Transplantation d’un organe plein
Le vaccin HA est recommandé pour tous les
candidats à une transplantation atteints d’hépatopathie chronique et, dans le
cas d’une transplantation d’organe plein, il peut être administré à tous les
candidats et receveurs s’il y a présence d’autres risques (voir Tableau 1). Si possible, la série de
vaccins HA devrait être complétée avant la transplantation. Si le vaccin HA n’a
pas été administré ou si seulement une partie de la série de vaccins a été
administrée avant la transplantation, il faut commencer ou avoir complété la
série de vaccins six mois après la transplantation. Les contacts familiaux
non immuns des receveurs de transplantation d’organe plein devraient recevoir
le vaccin HA s’il y a présence d’autres risques (voir Tableau 1).
Traitement immunosuppresseur
Lorsqu’il est indiqué, le vaccin HA peut être administré
sans danger à tout moment avant, pendant ou après un traitement
immunosuppresseur. Tout particulièrement, le vaccin HA devrait être administré
avant, pendant ou après un traitement immunosuppresseur dans le cas d’une
gestion post-exposition ou dans le cas d’une éclosion.

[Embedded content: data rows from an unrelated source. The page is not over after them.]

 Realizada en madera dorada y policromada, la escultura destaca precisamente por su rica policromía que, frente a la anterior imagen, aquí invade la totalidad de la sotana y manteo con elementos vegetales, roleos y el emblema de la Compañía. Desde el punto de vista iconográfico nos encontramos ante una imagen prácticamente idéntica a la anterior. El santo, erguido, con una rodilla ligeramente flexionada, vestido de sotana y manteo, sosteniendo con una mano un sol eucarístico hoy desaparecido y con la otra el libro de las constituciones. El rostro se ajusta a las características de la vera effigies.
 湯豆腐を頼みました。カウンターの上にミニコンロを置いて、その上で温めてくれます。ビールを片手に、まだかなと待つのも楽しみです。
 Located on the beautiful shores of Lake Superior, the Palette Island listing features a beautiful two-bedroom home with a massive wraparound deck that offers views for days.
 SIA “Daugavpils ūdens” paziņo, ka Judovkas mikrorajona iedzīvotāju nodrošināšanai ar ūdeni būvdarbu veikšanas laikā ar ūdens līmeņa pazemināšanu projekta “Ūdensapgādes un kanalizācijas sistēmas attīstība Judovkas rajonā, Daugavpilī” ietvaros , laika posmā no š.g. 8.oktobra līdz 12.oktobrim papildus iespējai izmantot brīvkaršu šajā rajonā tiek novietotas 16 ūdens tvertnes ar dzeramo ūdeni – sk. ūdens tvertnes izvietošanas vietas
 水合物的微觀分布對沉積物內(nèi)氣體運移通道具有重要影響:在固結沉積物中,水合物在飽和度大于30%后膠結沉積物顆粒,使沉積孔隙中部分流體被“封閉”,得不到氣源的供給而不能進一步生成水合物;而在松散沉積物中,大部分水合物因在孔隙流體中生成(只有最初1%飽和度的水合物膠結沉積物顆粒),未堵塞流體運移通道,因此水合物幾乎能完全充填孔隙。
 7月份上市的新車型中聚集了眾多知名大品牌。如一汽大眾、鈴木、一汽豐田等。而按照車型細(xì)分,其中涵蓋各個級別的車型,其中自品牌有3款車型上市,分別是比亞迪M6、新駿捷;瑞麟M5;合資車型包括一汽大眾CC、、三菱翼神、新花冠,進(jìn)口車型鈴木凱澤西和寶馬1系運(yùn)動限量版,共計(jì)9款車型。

Toutefois, pour assurer
une immunogénicité optimale dans le cas d’indications non urgentes, il faudrait
respecter le calendrier suivant, dans la mesure du possible.
Le vaccin HA devrait être administré au moins 14 jours avant le début du traitement immunosuppresseur (p. ex. fortes doses de corticostéroïdes à action générale [doses de 2 mg/kg par jour ou 20 mg par jour ou plus de prednisone ou d’un médicament équivalent] pendant 14 jours ou plus; chimiothérapie [p. ex. azathioprine, cyclosporine, cyclophosphamide ou infliximab] ou radiothérapie). En cas d’impossibilité, une période d’au moins 3 mois devrait s’écouler entre l’arrêt du médicament immunosuppresseur (à l’exception des corticostéroïdes à action générale à fortes doses) et l’administration du vaccin HA, et ce, afin d’assurer une immunogénicité. Dans le cas de fortes doses de stéroïdes à action générale, le délai entre l’arrêt des traitements et l’administration du vaccin HA diminue à 4 semaines. L’intervalle entre l’arrêt du traitement immunosuppresseur et l’administration du vaccin HA peut varier selon l’intensité du traitement immunosuppresseur, la maladie sous-jacente et d’autres facteurs.

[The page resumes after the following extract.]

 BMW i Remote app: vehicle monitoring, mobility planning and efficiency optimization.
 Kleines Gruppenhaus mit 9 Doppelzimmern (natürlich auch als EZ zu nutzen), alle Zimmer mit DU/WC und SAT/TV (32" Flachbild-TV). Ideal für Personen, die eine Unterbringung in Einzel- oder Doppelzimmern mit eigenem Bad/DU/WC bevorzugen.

Si le traitement immunosuppresseur ne peut pas être interrompu, le vaccin HA devrait être administré dans la mesure du possible lorsque la personne est le moins immunodéprimée.
Infection à VIH
Le vaccin HA est recommandé pour les sujets
infectés par le VIH qui présentent des facteurs de risque tels que le fait d’avoir
des relations sexuelles avec d’autres hommes et l’usage de drogues illicites.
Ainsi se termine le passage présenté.